NewsChannel 5 Investigates also obtained a photo showing that Skaggs' right leg was in a cast at the time of his death.

The family said it was the result of another fall.

But when state officials asked a judge to exhume Skaggs' body as part of the investigation of Harlan's medical license, District Attorney General Mike Bottoms -- a longtime Harlan friend -- refused to sign off on it.

Watch Part 2 of our 2006 investigation below:

NewsChannel 5 tried to interview Bottoms back in 2006.

"So what about this little boy. What if you're wrong, sir?" we asked, as the DA shrugged his shoulders.

In 2014, Brent Cooper was elected DA to replace Bottoms, and he re-opened the investigation into Skaggs' death.
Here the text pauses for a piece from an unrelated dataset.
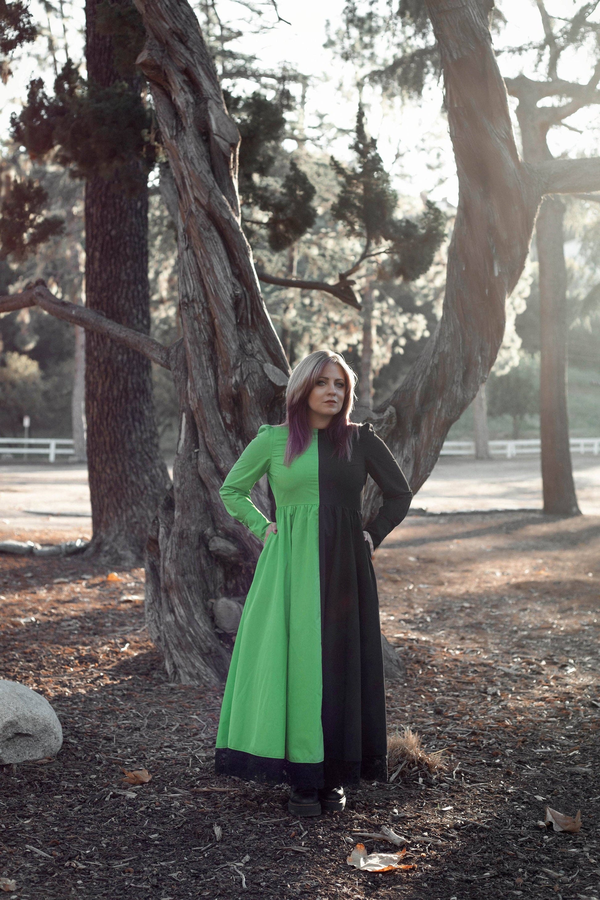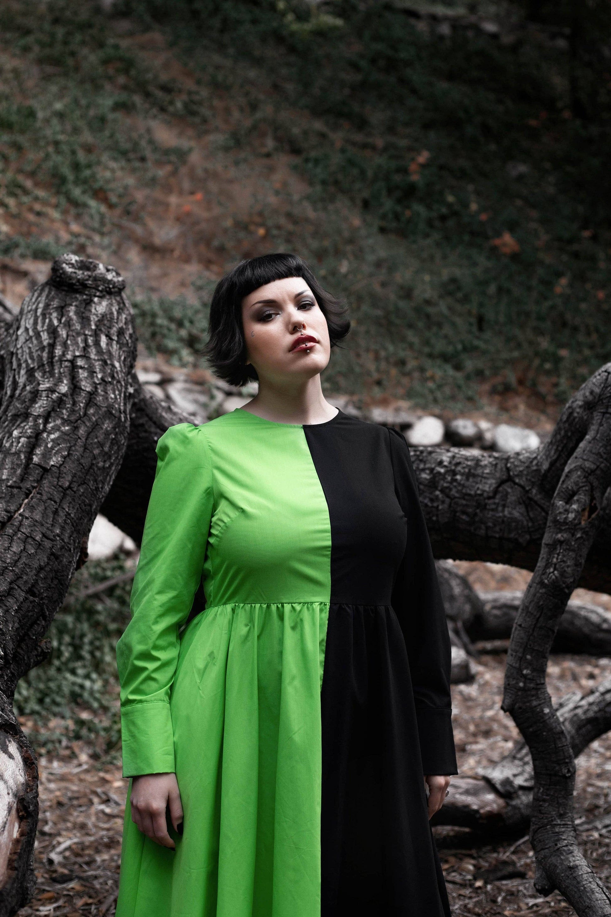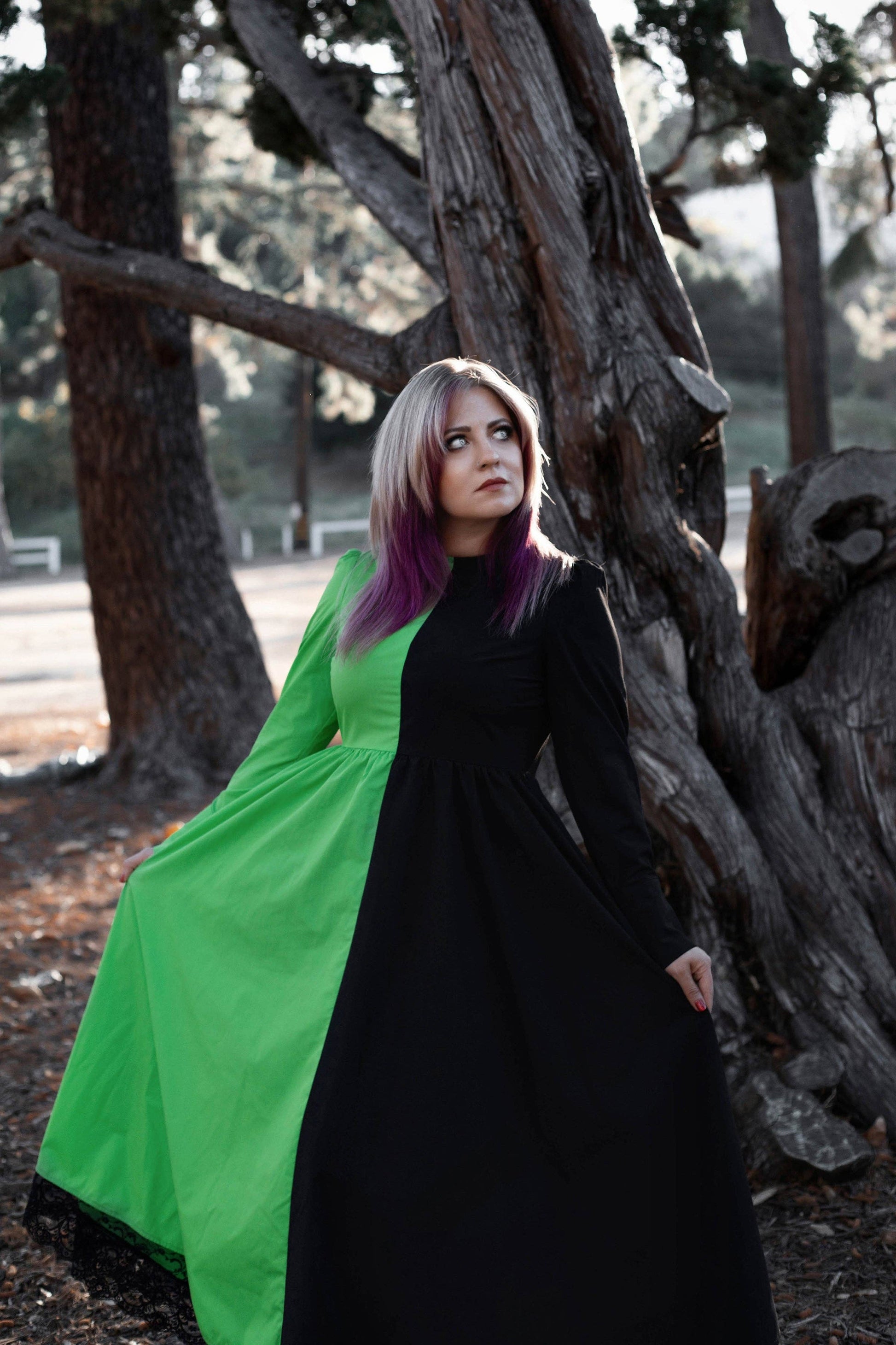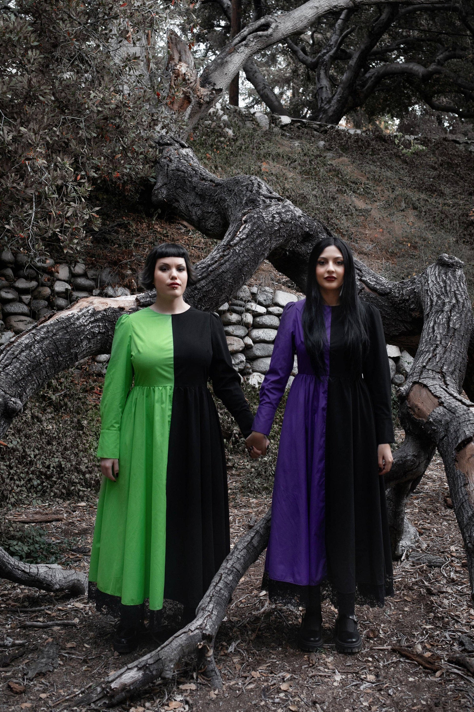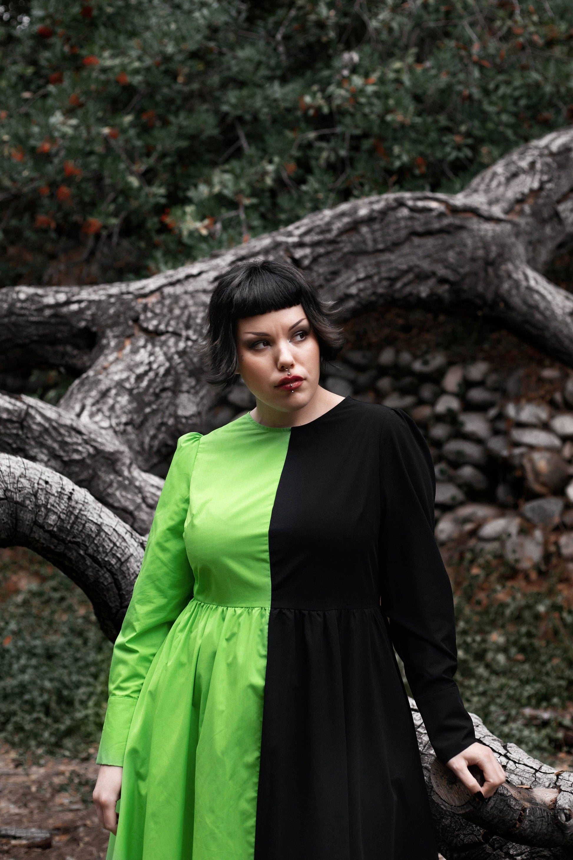 The "Wicked Lady" Dress is a vintage-inspired masterpiece. Made from a soft woven fabric of polyester, rayon, and spandex, this dress features long sleeves with a hint of puff, a chic split color design, and a delicate lace bottom. With newly added pockets and a cinched waist, this dress is both stylish and functional. Complete with a center back invisible zipper.

Cooper even got the legislature to pass a law that clarified his ability to seek a second autopsy.

"I'm just the type of person that I just don't believe in letting someone just walk away from a crime if I believe they've committed a crime," Cooper said at the time.

That autopsy found fractures on the backside of Skaggs' skull that "would have required considerable force to produce."

It listed the manner of death as "homicide" and the circumstances as "assaulted by others."

Maury County Circuit Judge Stella Hargrove had rejected NewsChannel 5's request to have a camera in the courtroom to provide video coverage of the proceedings.